Совиное уханье раздалось в господствовавшей над парком тишине после того, как мы простояли минут пять не шевелясь. Звук ширился кругами и замирал во тьме. Отнюдь не радующий душу, он почти развеселил меня своей естественностью, избавил от внутреннего напряжения. Я двинулся вперед, ощутив прилив мужества, волнение улеглось.
Вдруг совсем рядом, у самых наших ног, раздался крик. От неожиданности я прыгнул назад, налетев на шершавую каменную стену и куманику, как и в прошлый раз хлестнувшую меня. Этот новый крик восходил от самой земли — низкий, стенающий, хватающий за душу, исполненный страдания и боли. Невозможно описать, как разнился он от уханья совы: в одном было здоровое буйство и естественность, не вызывавшее у вас сердечной боли, от другого стыла кровь в жилах. Я старался сохранять присутствие духа, но руки мне повиновались плохо, и я долго возился с фонарем, прежде чем удалось отодвинуть экран. Луч метнулся наружу, как живое существо, разом осветив все вокруг. Можно было бы сказать, что мы стоим внутри разрушенного дома, сохранись от него что-нибудь большее, чем описанный выше обломок стены, на котором держался фронтон. Мы стояли близко от него, как раз напротив дверного проема, выходившего в черноту парка. Свет выхватил из мрака кусок стены с поблескивавшими на ней облачками плюща, раскачивающиеся ветки куманики и зияющий проем двери, ведущей в никуда. Оттуда и доносился голос, затихший, как только вспыхнул свет над этой странной сценической площадкой. Настала минутная тишина, и голос зазвучал с новой силой. Да такой пронзительный и жалобный, что, невольно вздрогнув, я уронил фонарь. Пока я шарил в темноте, стараясь подобрать его, мою руку стиснул Бэгли, видимо, упавший на колени, но я был слишком поглощен происходящим, чтоб удивиться этому. Он ухватился за меня в порыве страха, утратив все свое обычное достоинство.

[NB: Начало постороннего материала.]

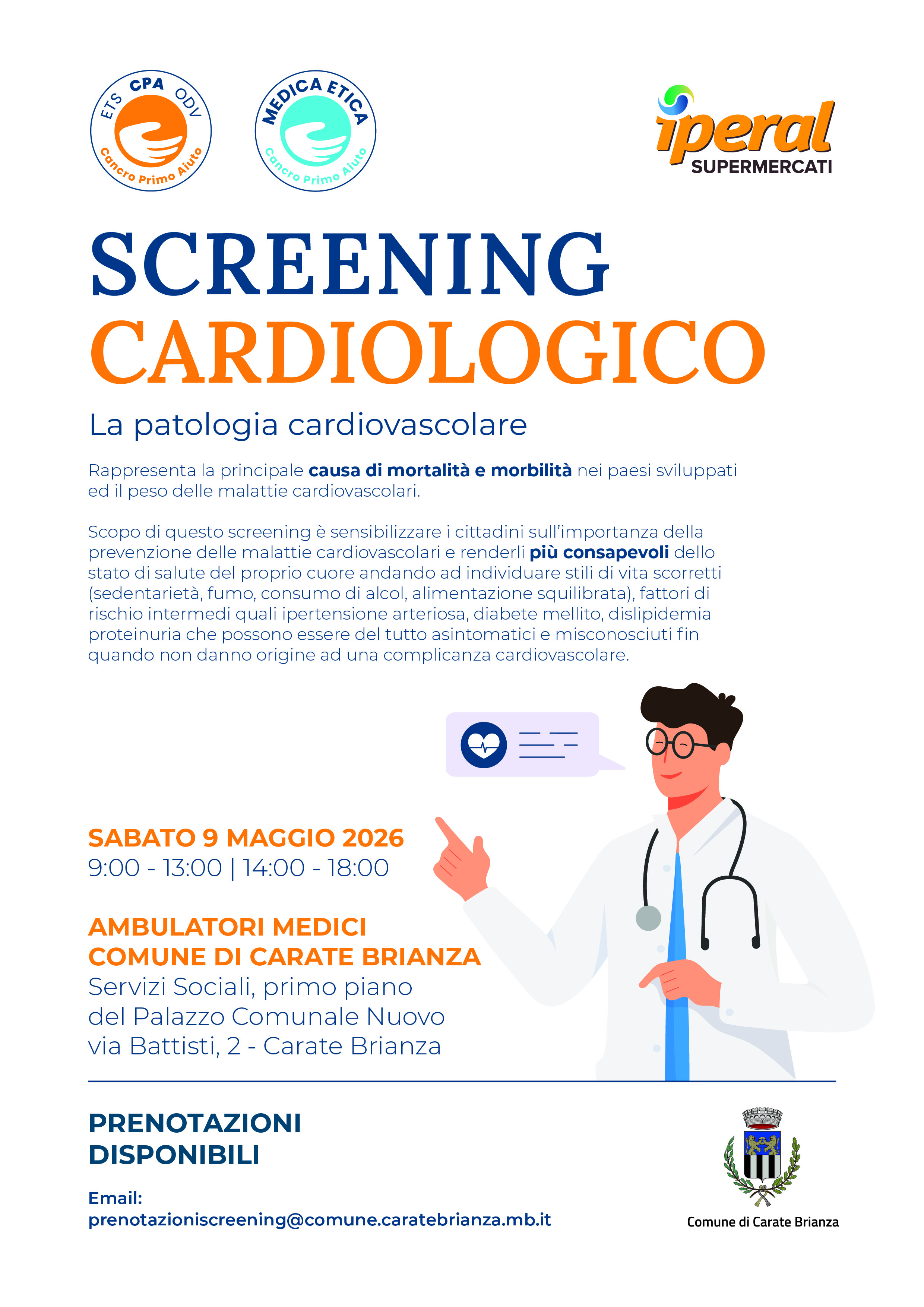Il Comune di Carate Brianza, in collaborazione con Cancro Primo Aiuto (CPA) e Medica Etica, promuove una giornata dedicata alla salute del cuore e alla prevenzione delle patologie cardiovascolari.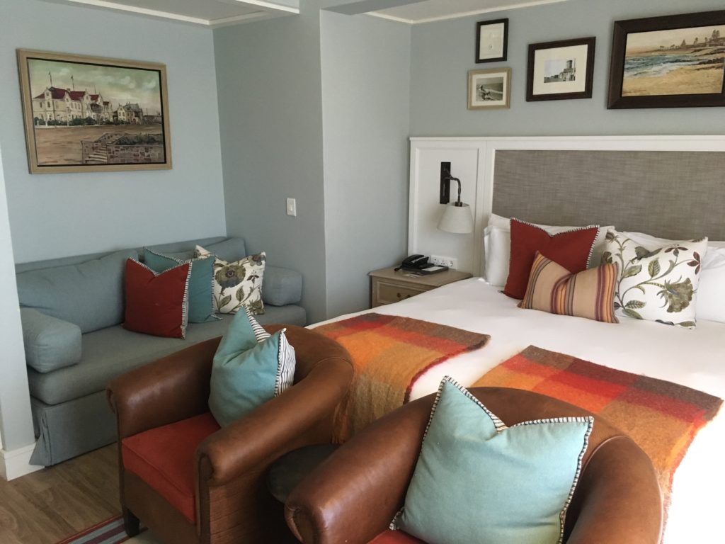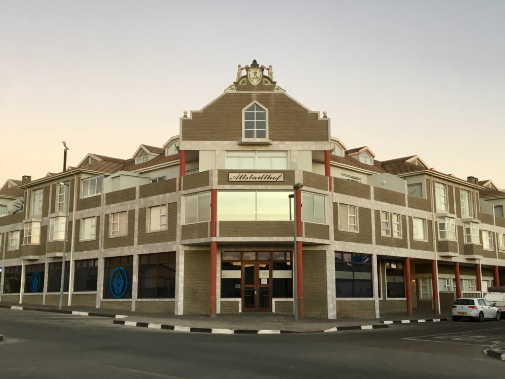Drive into Swakopmund was just under an hour, and finally I found my hotel the Swakopmund Plaza Hotel. I had booked the larger “family room” since it was only slightly more, and it still wasn’t very large, so I was glad I’d spent the little bit extra: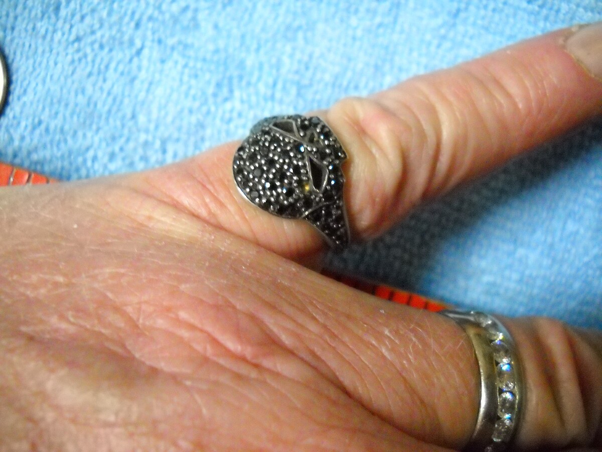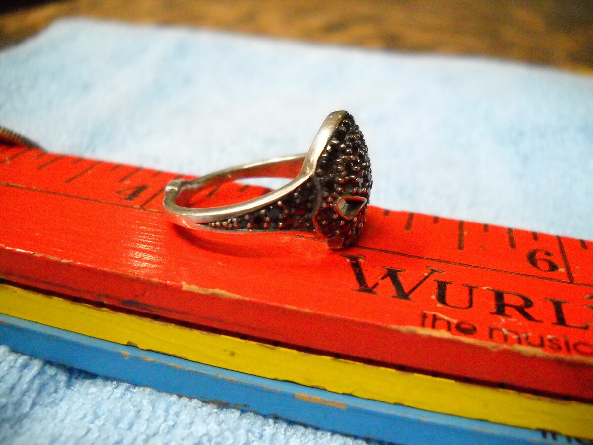 Willie G Davidson Skull 925 Sterling & Onyx ring size 7 3/4 Marked WGD & Trademk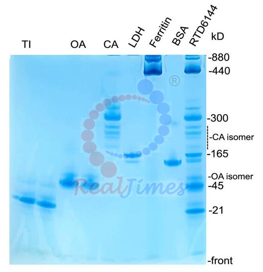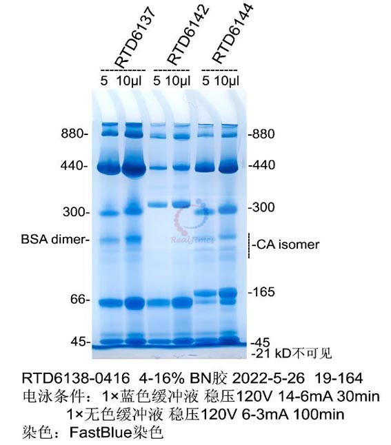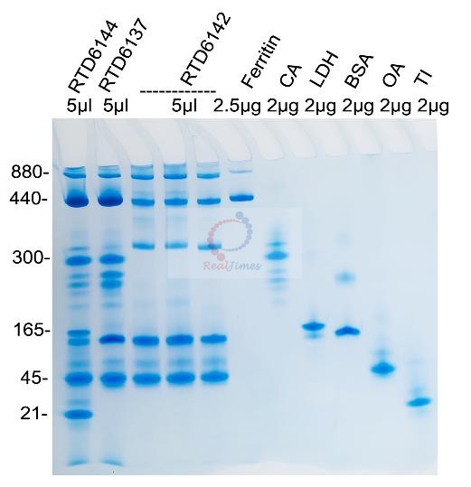 2. 該產品不含蛋白凝膠制備試劑,您可以選擇非變性PAGE凝膠制備及電泳試劑盒(貨號:RTD6130)或者蛋白預制膠(貨號RTD6118)。如自備試劑,經典Laemmli系統(tǒng)中把制膠溶液、電泳緩沖液和上樣緩沖液中的SDS和還原劑(DTT或β-巰基乙醇)全部去除即可進行非變性電泳。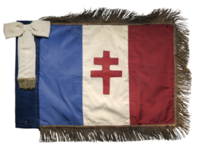 Fanion (50 x 37 cm) en tissu bleu-blanc-rouge avec la croix de Lorraine rouge cousue sur le tout, bordé d'un gallon à franges doré sur trois côtés et d'un fourreau de toile bleue sur le quatrième côté et agrémenté d'un grand neuf d'étoffe blanche garni du même gallon. Pièce encadrée sous verre (69 x 57 cm). Ces fanions tricolores ornaient la Simca Présidence du Général de Gaulle.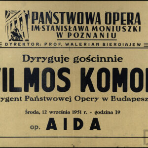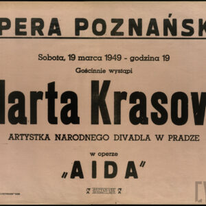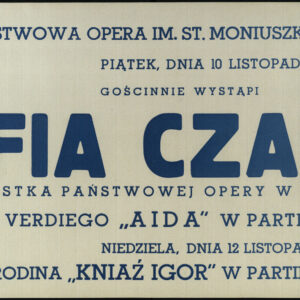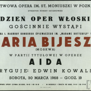 31.03.1968Afisz gościnnego występu rosyjskiej solistki Marii Bijeszu w spektaklu operowym Aida Giuseppe Verdiego pod batutą Edwina Kowalskiego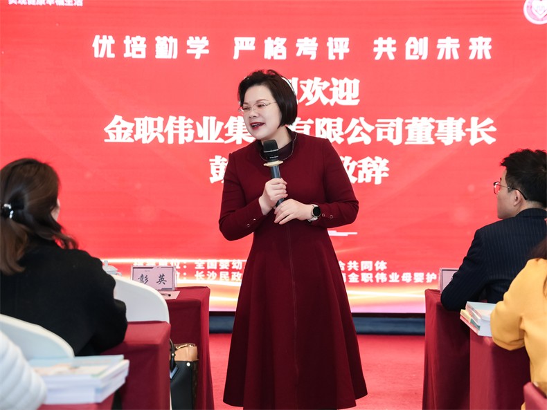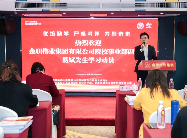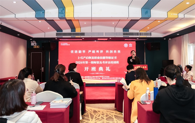為貫徹落實國家職業教育改革方案,深入推進1+X證書工作,切實提高教師教學能力,3月14日,1+X產后恢復職業技能等級證書2024年首期師資及考評員培訓班在湖南長沙正式開班,金職偉業集團有限公司(以下簡稱“金職偉業”)董事長彭英、院校事業部副總監易斌出席開班典禮并講話。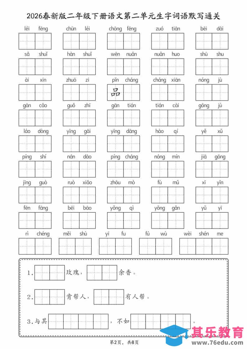 二年级下语文26春1-8单元生字词语默写通关(8页)中小学资料库3小时前发布关注私信419二年级下语文26春1-8单元生字词语默写通关(8页)此内容为免费资源,请登录后查看¥0限时特惠¥99 登录查看免费资源 ——预览已结束,还剩6页未读——您已获得此文档下载权限,请点击底部下载完整文档 © 版权声明文章版权归作者所有,未经允许请勿转载。THE END二年级# 语文# 二年级 喜欢就支持一下吧点赞9 分享QQ空间微博QQ好友海报分享复制链接收藏

— Милостивый Боже, что это, сэр? — произнес он, задыхаясь. Поддайся и я страху тогда, нам обоим, несомненно, пришел бы конец.

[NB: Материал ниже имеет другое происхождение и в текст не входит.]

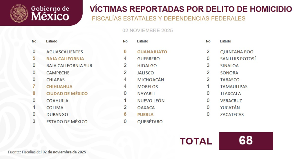 La SSPC detalló en su informe, “Víctimas reportadas por delito de homicidio”, los estados donde se reportaron la mayoría de asesinatos, el domingo 2 de noviembre: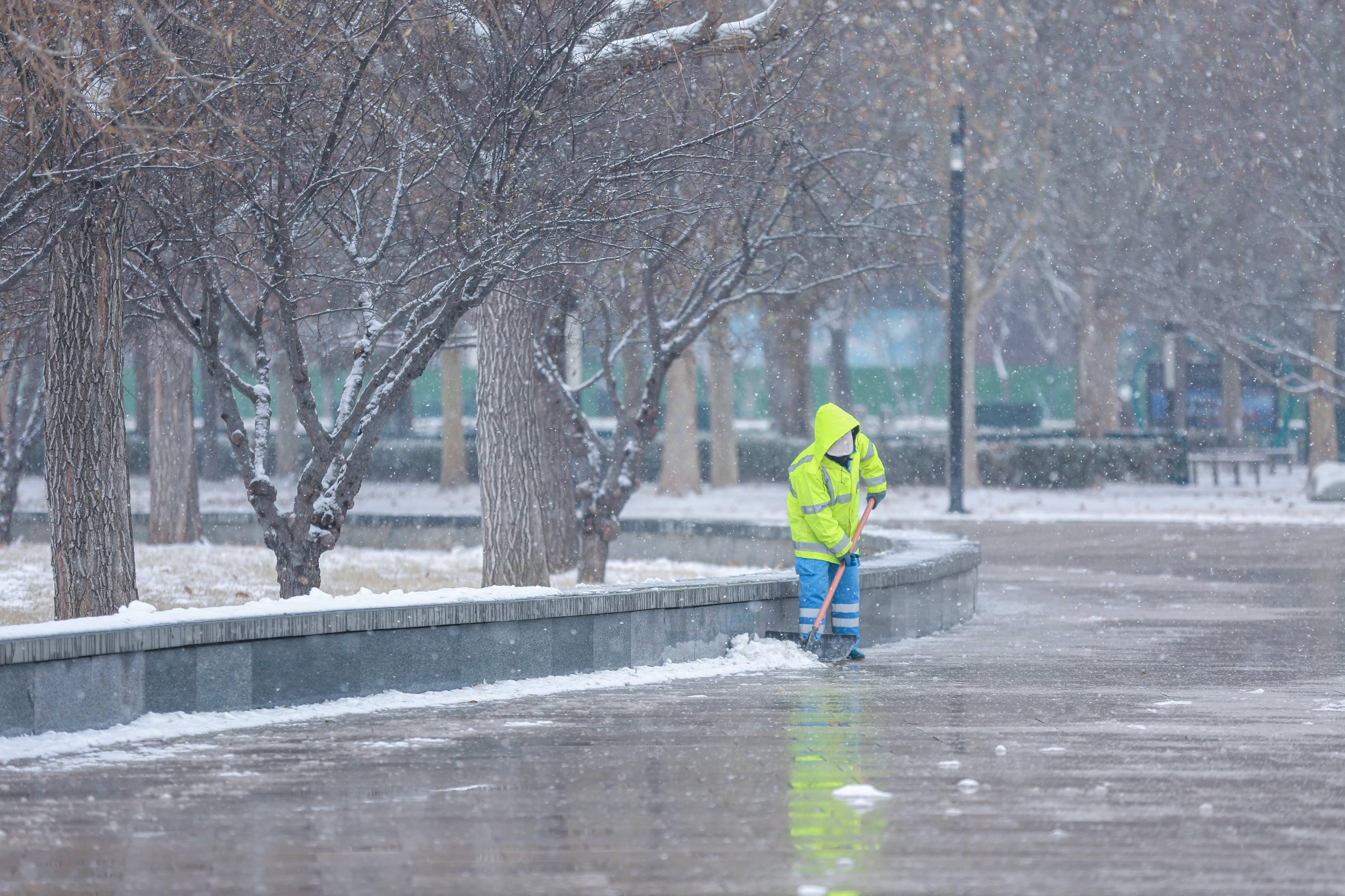 在通州区,通州KY开元公司城市清扫三中心人工清扫保洁四队副队长张秋的身影在雪地里来回奔波。“每一次极端天气对于我们来说都是一场硬仗。”张秋一边仔细观察着路面积雪,一边不断地挥动着手中的作业工具。

— Не имею понятия, как и ты, — ответил я. — Мы пришли сюда, чтобы узнать это. Вставай, любезный, вставай! — Я заставил его подняться. — Пойдешь вокруг стены или останешься здесь и будешь светить?
С искаженным от ужаса лицом он пробормотал: — Нельзя ли нам тут остаться вместе, полковник? — У него тряслись колени. Я подтолкнул его к стене и сунул фонарь в руки.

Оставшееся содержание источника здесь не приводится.